Они поехали дальше, и вскоре стало видно, что телевышка не пострадала от взрыва, если этот взрыв в самом деле был. Еще обнаружилось, что на площади Лядова творится какая-то масштабная суета, а у торца второй политеховской общаги стоит патрульная «Волга» с номером тринадцать на боку, и что у нее включена мигалка на крыше.
– Экипаж Семенова, – сказал Петровский. – Тормозни. Пойду гляну.
Нигматуллин остановил машину, старший сержант выбрался наружу и вразвалку зашагал через улицу. Подойдя вплотную к «тринадцатой», он потянулся, чтобы постучать в стекло, и вздрогнул, когда из-за спины прозвучал властный мужской голос:
– На вашем месте я бы этого не делал.
– Это почему? – Петровский развернулся.
В нескольких шагах от старшего сержанта стоял высоченный дядька с непокрытой головой. Лицо его выглядело идеально правильным, словно у киногероя, светлые глаза смотрели холодно, белый плащ свисал до земли. Петровский нечасто встречал людей откровенно габаритнее себя, но тут был именно такой случай.
И как этот кабан подошел бесшумно? С неба свалился?
– А потому, что в данный момент на этой территории проходит операция под нашей юрисдикцией, – скучным голосом сообщил дядька и вытащил из кармана плаща удостоверение с аббревиатурой «ФСБ» на корочках.
Петровский присмотрелся к документу, прочел: «Краузе Виктор Генрихович, майор», и подумал, что эфэсбэшник похож на эсэсовца из фильма про войну: ледяной взгляд, внешность истинного арийца, да еще и фамилия…
– Вас понял, – буркнул он. – Помощь не нужна?
– Спасибо, но мы справимся сами, – отрезал майор. – Да, до шести утра вам лучше объезжать площадь Лядова стороной. Насколько я знаю окрестные улицы, это вполне возможно.
– Постараемся, – ответил старший сержант, кивнул эфэсбэшнику и зашагал обратно к машине.

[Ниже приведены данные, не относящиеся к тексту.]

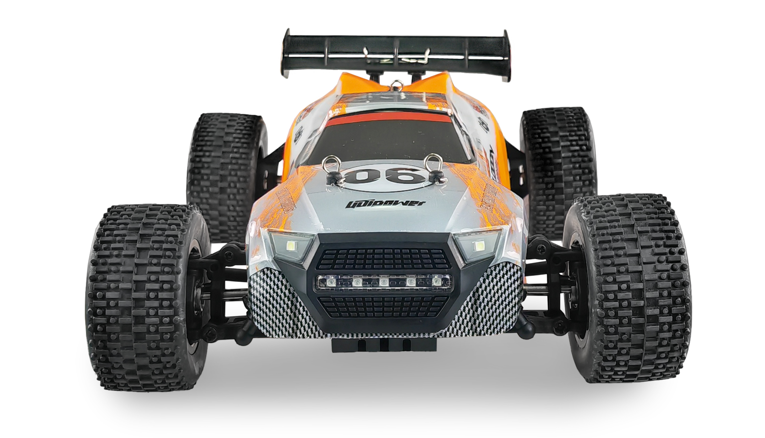 Durch die Verwendung hochwertiger Metall-Differentiale und Kardanwellen profitierst du von einer optimierten Übertragung der Kraft auf die Räder. Dadurch wird nicht nur die Power gesteigert, sondern gleichzeitig der Verschleiß der Komponenten minimiert. Du kannst dich also auf langanhaltenden Fahrspaß verlassen. Die stoßdämpfende Aluminium-Öldruck-Federungen sorgen zusätzlich für unschlagbare Stabilität während der Fahrt. Du hast die Möglichkeit, das Fahrzeug individuell auf verschiedene Geländebedingungen abzustimmen. Egal ob du über holprige Pisten fährst oder atemberaubende Sprünge machst – dieser Truggy meistert alles mit Leichtigkeit. Selbst bei hohen Geschwindigkeiten und in scharfen Kurven gewährleistet das stufenlos einstellbare ESP eine sichere Spurführung des Modells.

В голове теснились мысли: что за операция ФСБ посреди ночи в центре большого города? Для чего им экипаж «тринадцатой»? Что за хрень взорвалась на телевышке, и почему тут не было никаких майоров в тот момент, когда он пытался разобраться с толпой?
Ситуация выглядела очень странно.
– Ну, что? – спросил ежившийся от нетерпения Нигматуллин, когда Петровский залез в «Волгу».
Старший сержант ввел напарника в курс дела.
– Муть какая-то, – сделал вывод прапорщик. – Что делать будем? Начальству доложим?
– Оно должно знать. – Петровский еще раз посмотрел на «тринадцатую», из которой так никто и не выбрался, хотя не видеть коллег экипаж Семенова не мог. – А если нет, то лучше ему и не знать. Если что – мы ничего не видели и не слышали. Разворачивай, двинем в объезд.
Для старшего сержанта это была очень длинная речь, и очень убедительная. Кроме того, командир всегда прав, поэтому Нигматуллин принялся делать то, что умел лучше всего – крутить руль. До самого утра они катались по участку, больше всего на свете боясь того, что последует вызов на площадь Лядова, а затем неминуемый разбор – «почему прошляпили?».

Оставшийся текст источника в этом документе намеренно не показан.